When F maps from n inputs to n outputs, its Jacobian is square, and its determinant earns its own name: the Jacobian determinant, often written det(J) or d(u,v)/d(x,y). Geometrically it is the local area (or volume) scaling factor of the map: a tiny square of area dA near a point is carried to a tiny parallelogram of area |det J| dA. The sign tells you about orientation — a negative Jacobian determinant means the map flips the region over, like a mirror. This is the very factor that appears when you change variables in a multiple integral.

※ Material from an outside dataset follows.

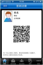 (八)簽到注冊(cè) 注冊(cè)智會(huì)賬號(hào)后,會(huì)在“簽到注冊(cè)”(見(jiàn)圖13)生成個(gè)人信息的二維碼,您可憑個(gè)人二維碼+名片到現(xiàn)場(chǎng)免費(fèi)換取觀眾胸卡,快速入場(chǎng)參觀。
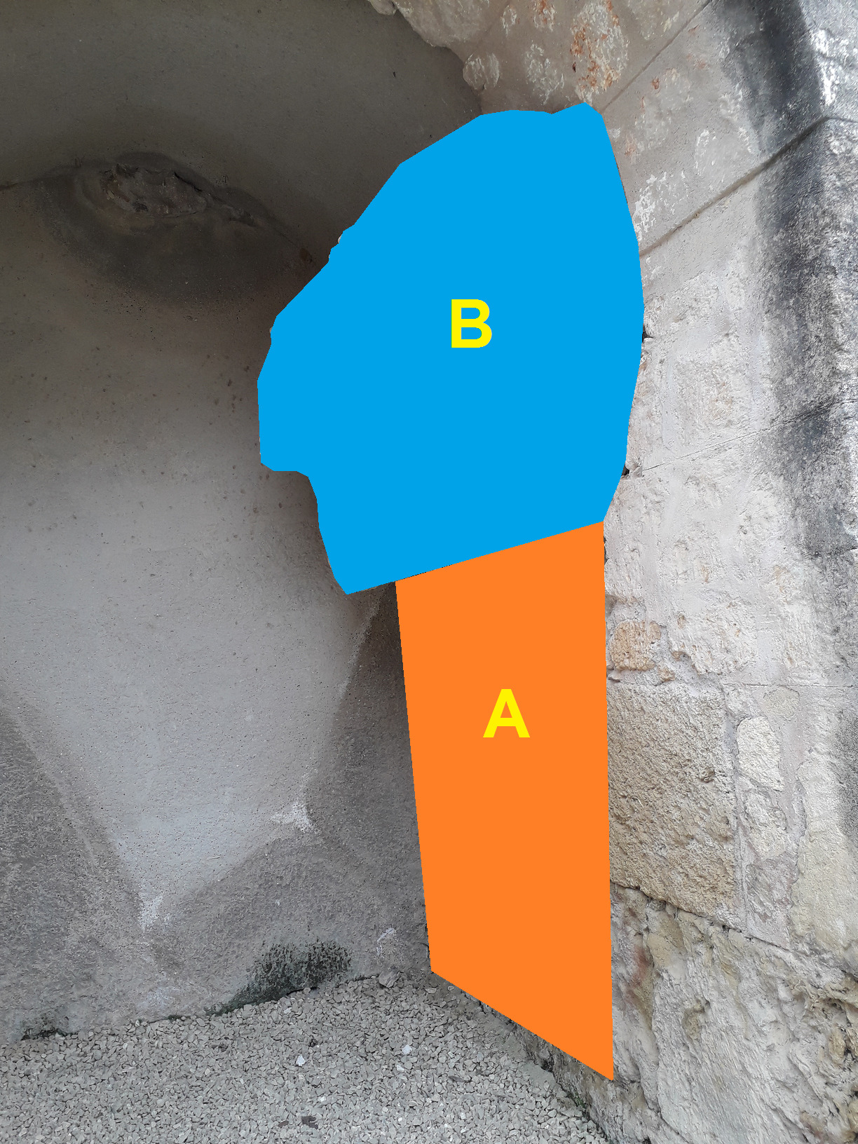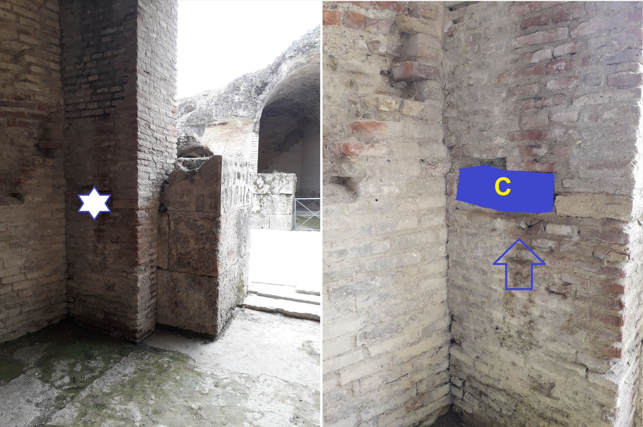 As you leave the amphitheatre, take the back alley and turn right immediately. You observe the photo, focus on area C.

This single number also decides whether a map is locally reversible. The inverse function theorem says that wherever det J is nonzero, F is invertible in a small neighbourhood, and the Jacobian of the inverse is just the matrix inverse of J — the multidimensional version of (f inverse)' = 1 / f'. Its sibling, the implicit function theorem, uses a nonvanishing sub-Jacobian to guarantee you can solve an equation locally for some variables in terms of the rest, even when no formula exists. Both are local theorems with genuine hypotheses, the topic of the guides ahead.

Putting it together

  1. Decide the shapes: F goes from n inputs to m outputs, so its Jacobian is an m-by-n matrix (rows count outputs, columns count inputs).
  2. Fill entry (i, j) with df_i/dx_j — compute each partial derivative by holding the other inputs fixed, exactly as in Volume I.
  3. Evaluate J at the base point a to get a concrete matrix of numbers; the local model is F(a + h) is approximately F(a) + J(a) h.
  4. If the map is square, take det J: nonzero means locally invertible and area-scaling by |det J|; chaining maps multiplies their Jacobians.

Hold the whole arc in one view. The slope generalised to the total derivative, a best linear map; that map's coordinates, the partial derivatives, line up as the rows of the Jacobian; the Jacobian's determinant measures how the map stretches and orients space. From here the change-of-variables theorem for integrals, the chain rule for any composition, and the inverse and implicit function theorems are all just the Jacobian seen from different angles. One matrix, carrying all the first-order information about a map, is the organising idea of the rest of this rung.